Гурьян снова улегся у костра, вытянул ноги и, закинув руки за голову, мечтательно продолжал:

— Антиресен их строй жизни. Очень антиресен. Глаза, к примеру сказать, они продирают к полудню…

— Ври? — взметнулся казачонок. Это для него было уже совсем невероятно.

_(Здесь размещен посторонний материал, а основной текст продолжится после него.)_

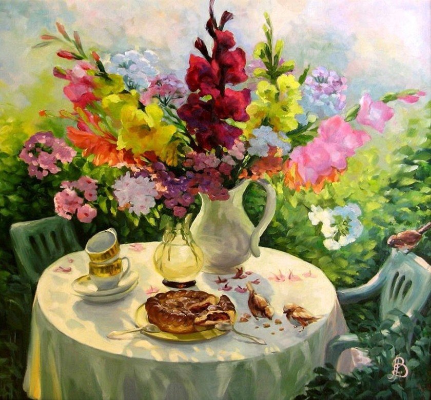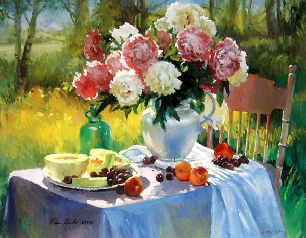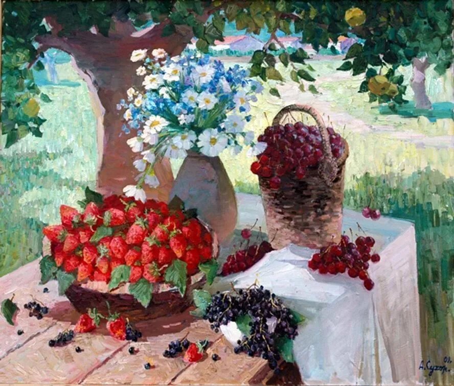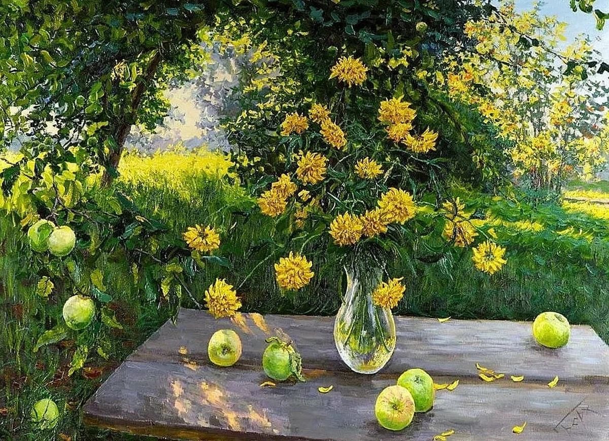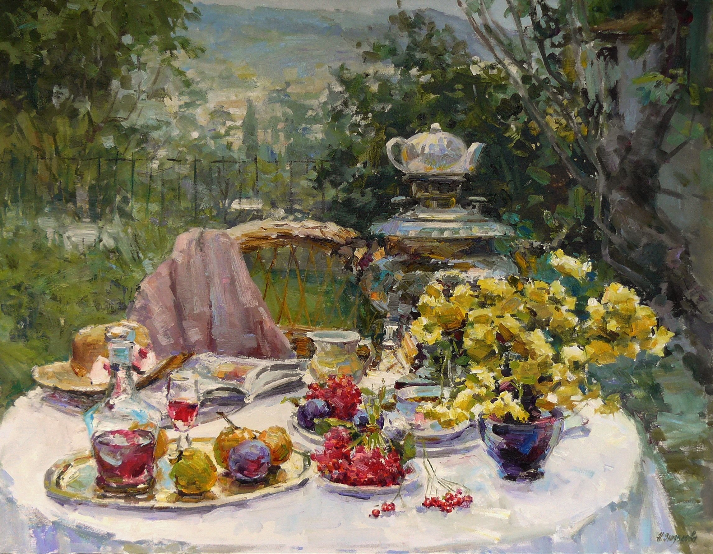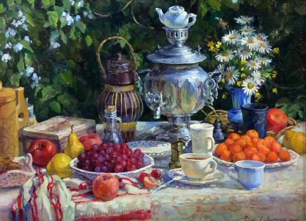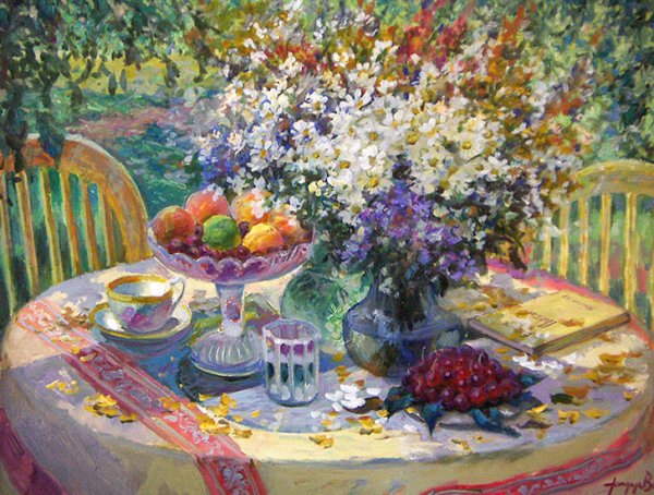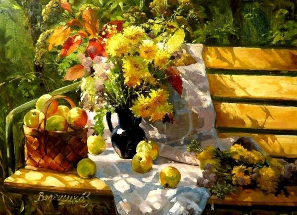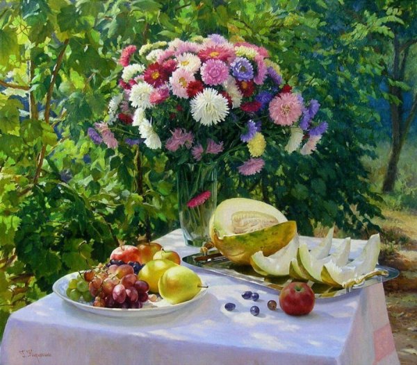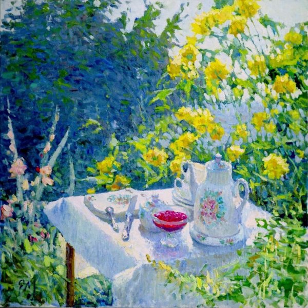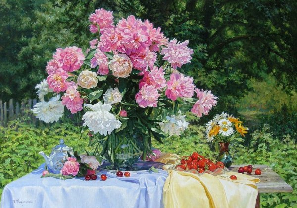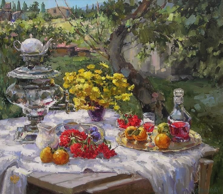 Натюрморт в саду - это искусство, которое привносит красоту природы и мир окружающего нас места в домашнюю обстановку. В таком натюрморте можно увидеть собрание различных цветов, плодов, овощей и других предметов, создающих атмосферу гармонии и умиротворения. Такое произведение искусства позволяет почувствовать присутствие природы и перенести себя в спокойное и расслабляющее место, где можно насладиться ее красотой и богатством. Натюрморты в саду являются отличным выбором для тех, кто стремится добавить уют и эстетику в свою жизнь и окружающую обстановку.
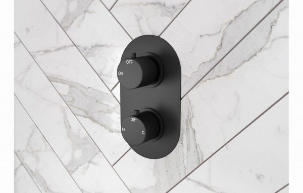 Borealis Thermostatic Two Outlet Twin Shower Valve – Matt Black

— Вот те ври… И тута же они, не вылезая из кроватей, начинают лакать вино, кофей пить. Чтоб веселее было — льют вино нам, холуям верным, прямиком из бутылок в глотку. Сами ржут, колышутся от смеха, как у нас глаза на лоб скочут. Весело им. Потом едут к царю али к его министру, на визиты едут, то есть, на короткий показ себя. Вот, дескать, мы живы и здоровы и вас почитаем. Эта и есть их все дело. Часа три аль четыре сидят у себя али в гостях. Пьянство текет и продолжается, но тонкой дудочкой, пока еще не до упаду. Вечером полунагишом скачут на вечерки али в театры. Представленью разглядывать. Там голые бабы и мужики в куцых штанах разные вавилоны пишут, страсти кажут. К ночи приготовляются, в распал себя вгоняют. Поржут там до полночи и разбегаются по домам. И тут уж начинают жить в полной обнаженности. Привозят с собой дюжинами баб. Пьянство завязывается вовсю, до положения риз, до обалдения, до чертиков, до святого отца и сына. Вот где сласти жизни! Вам они и во сне не привидятся — облизывай лапки! Сперва чин по чину: песни поют, на музыках играют, пляшут, а потом… Ах, жисть, зачем без ума губишь того, кто вовлекся в тебе?

Гурьян затряс кудлатой, как ветла, головою, схватился за щеки руками и замычал в тоске, словно у него мучительно заныли зубы.

— Как любили меня князь Владимир, ах, как любили! Велит он, бывало, корыто такое, ванной называется, доверху вином налить, да не каким-нибудь ерофеичем, а самым дорогим, полсотни бутылка — санпанским. У французов город такой есть, Сан-Панск. Вот там паны выдумали святое вино. Шипит оно, как змея, завсегда, даже в животе не унимается. Чэк от него, на облака возносится. Ангелом себя восчувствует. А в корыто голых баб сажают и нам их мыть приказывают… Самим уж им все давно опротивело, вот они и веселятся, изгиляются над нами. У них греха вообче нет. Он для нас удуман. Хо-хо-хо!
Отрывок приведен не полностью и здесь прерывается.